#### [ABOUT THIS TASK]
Leave out the pictures and retype, exactly, the lines below from the line with "You were created" up to and including the line with "2月2日午后,现货黄金跌破4500美元/盎司,日内跌逾8%。", nothing more.

#### [RECORDED INFORMATION]
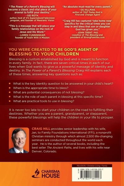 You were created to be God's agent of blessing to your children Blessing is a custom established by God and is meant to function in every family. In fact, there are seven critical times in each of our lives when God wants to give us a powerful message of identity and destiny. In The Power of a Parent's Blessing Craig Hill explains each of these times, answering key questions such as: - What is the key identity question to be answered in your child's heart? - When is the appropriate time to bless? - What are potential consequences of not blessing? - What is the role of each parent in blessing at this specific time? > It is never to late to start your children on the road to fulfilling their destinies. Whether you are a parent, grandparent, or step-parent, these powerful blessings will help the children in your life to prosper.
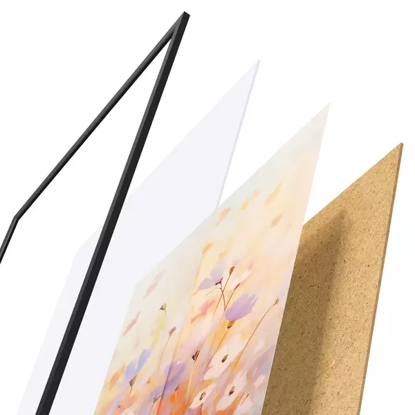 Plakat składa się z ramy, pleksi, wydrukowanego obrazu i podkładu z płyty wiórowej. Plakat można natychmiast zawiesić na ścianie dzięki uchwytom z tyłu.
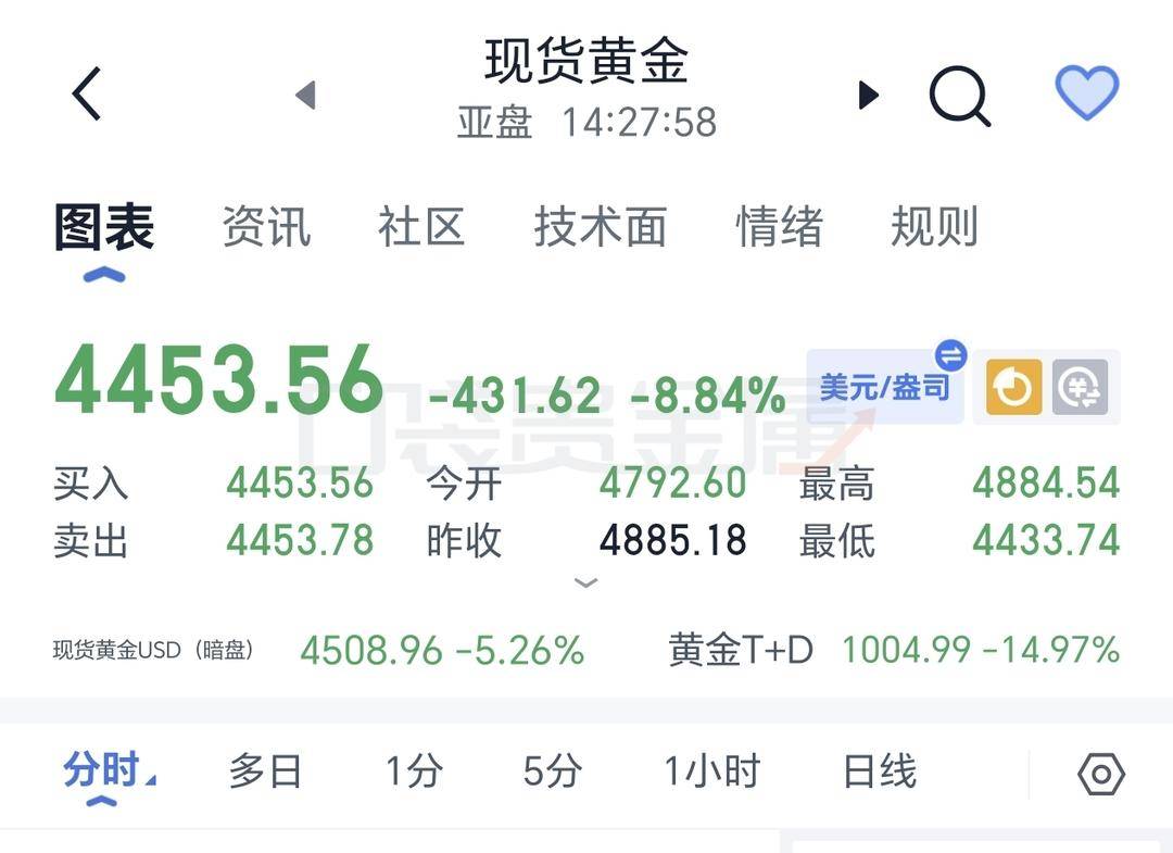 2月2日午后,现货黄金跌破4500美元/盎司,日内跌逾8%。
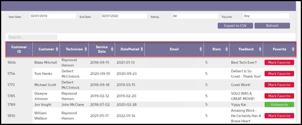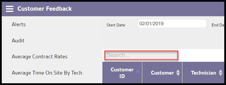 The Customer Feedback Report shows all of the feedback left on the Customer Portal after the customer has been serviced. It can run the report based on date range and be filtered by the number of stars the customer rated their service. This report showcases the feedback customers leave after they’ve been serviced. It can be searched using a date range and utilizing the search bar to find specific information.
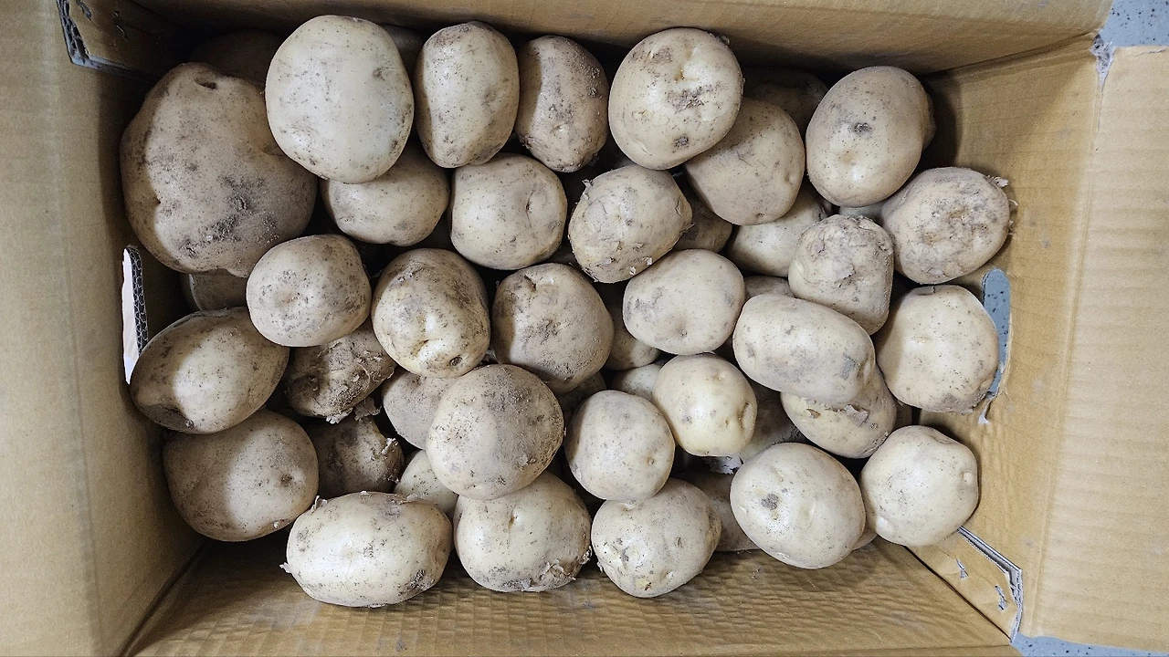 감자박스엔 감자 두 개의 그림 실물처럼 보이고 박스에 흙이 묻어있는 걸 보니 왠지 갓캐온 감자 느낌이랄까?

* * *

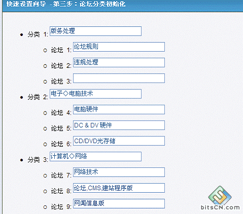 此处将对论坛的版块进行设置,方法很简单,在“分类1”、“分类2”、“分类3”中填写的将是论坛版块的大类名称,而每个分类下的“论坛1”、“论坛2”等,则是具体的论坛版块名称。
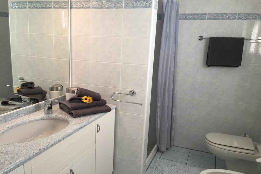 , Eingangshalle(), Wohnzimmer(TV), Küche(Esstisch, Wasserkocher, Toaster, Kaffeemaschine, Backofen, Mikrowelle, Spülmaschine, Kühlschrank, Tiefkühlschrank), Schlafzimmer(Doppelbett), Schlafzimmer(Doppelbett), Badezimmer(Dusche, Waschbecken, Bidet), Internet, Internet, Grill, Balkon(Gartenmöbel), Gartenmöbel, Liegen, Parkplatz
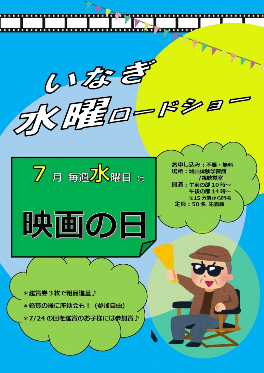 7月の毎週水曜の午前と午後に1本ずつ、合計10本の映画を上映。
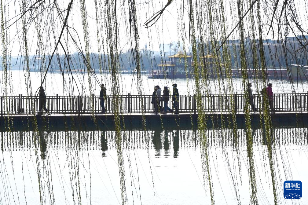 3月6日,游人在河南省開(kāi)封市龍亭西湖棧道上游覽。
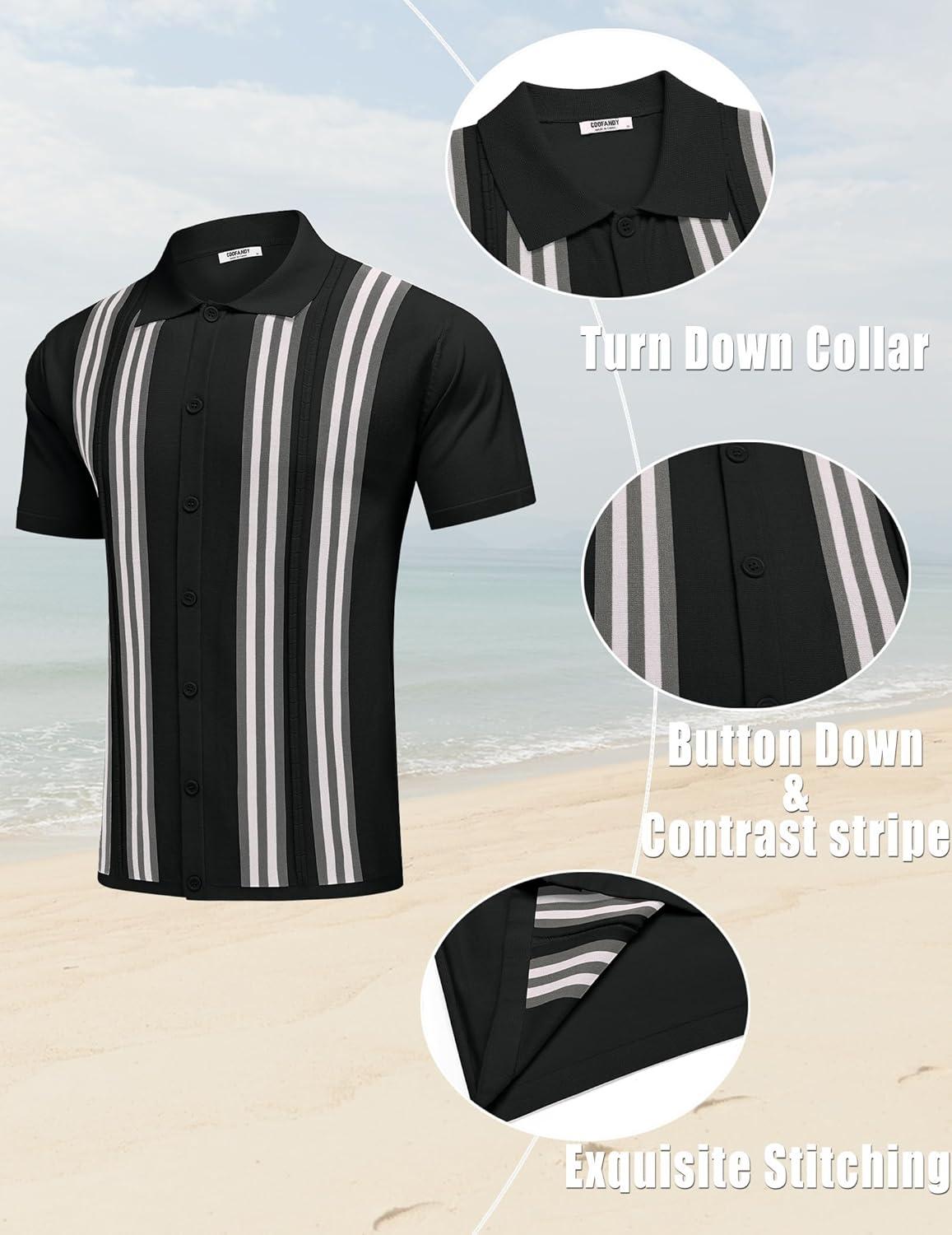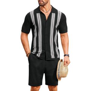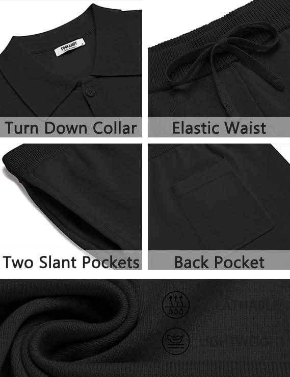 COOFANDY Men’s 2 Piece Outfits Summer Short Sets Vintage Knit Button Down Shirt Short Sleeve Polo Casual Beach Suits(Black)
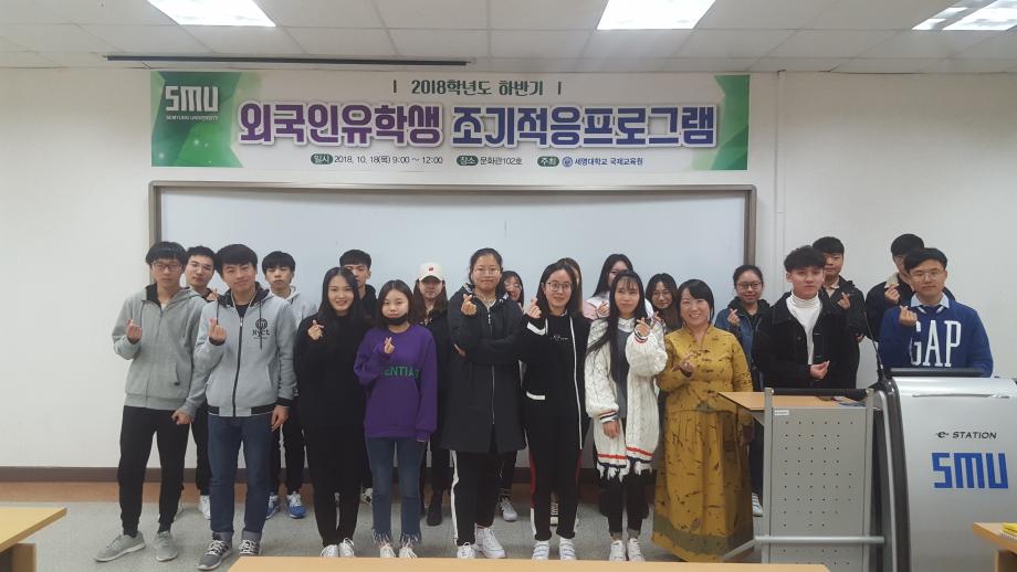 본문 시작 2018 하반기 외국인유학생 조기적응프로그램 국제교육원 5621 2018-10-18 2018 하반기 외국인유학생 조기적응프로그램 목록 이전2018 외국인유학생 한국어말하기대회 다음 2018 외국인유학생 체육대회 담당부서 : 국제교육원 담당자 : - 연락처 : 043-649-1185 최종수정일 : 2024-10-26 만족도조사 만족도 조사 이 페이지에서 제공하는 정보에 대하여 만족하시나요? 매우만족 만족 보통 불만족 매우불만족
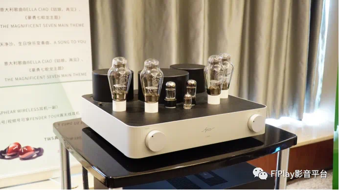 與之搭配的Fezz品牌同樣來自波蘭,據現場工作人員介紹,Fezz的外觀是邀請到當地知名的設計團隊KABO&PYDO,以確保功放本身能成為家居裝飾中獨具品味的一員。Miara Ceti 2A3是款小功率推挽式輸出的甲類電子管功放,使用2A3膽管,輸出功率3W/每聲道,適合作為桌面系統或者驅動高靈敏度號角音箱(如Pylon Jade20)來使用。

#### [WRITTEN REPLY]
 You were created to be God's agent of blessing to your children Blessing is a custom established by God and is meant to function in every family. In fact, there are seven critical times in each of our lives when God wants to give us a powerful message of identity and destiny. In The Power of a Parent's Blessing Craig Hill explains each of these times, answering key questions such as: - What is the key identity question to be answered in your child's heart? - When is the appropriate time to bless? - What are potential consequences of not blessing? - What is the role of each parent in blessing at this specific time? > It is never to late to start your children on the road to fulfilling their destinies. Whether you are a parent, grandparent, or step-parent, these powerful blessings will help the children in your life to prosper.
 Plakat składa się z ramy, pleksi, wydrukowanego obrazu i podkładu z płyty wiórowej. Plakat można natychmiast zawiesić na ścianie dzięki uchwytom z tyłu.
 2月2日午后,现货黄金跌破4500美元/盎司,日内跌逾8%。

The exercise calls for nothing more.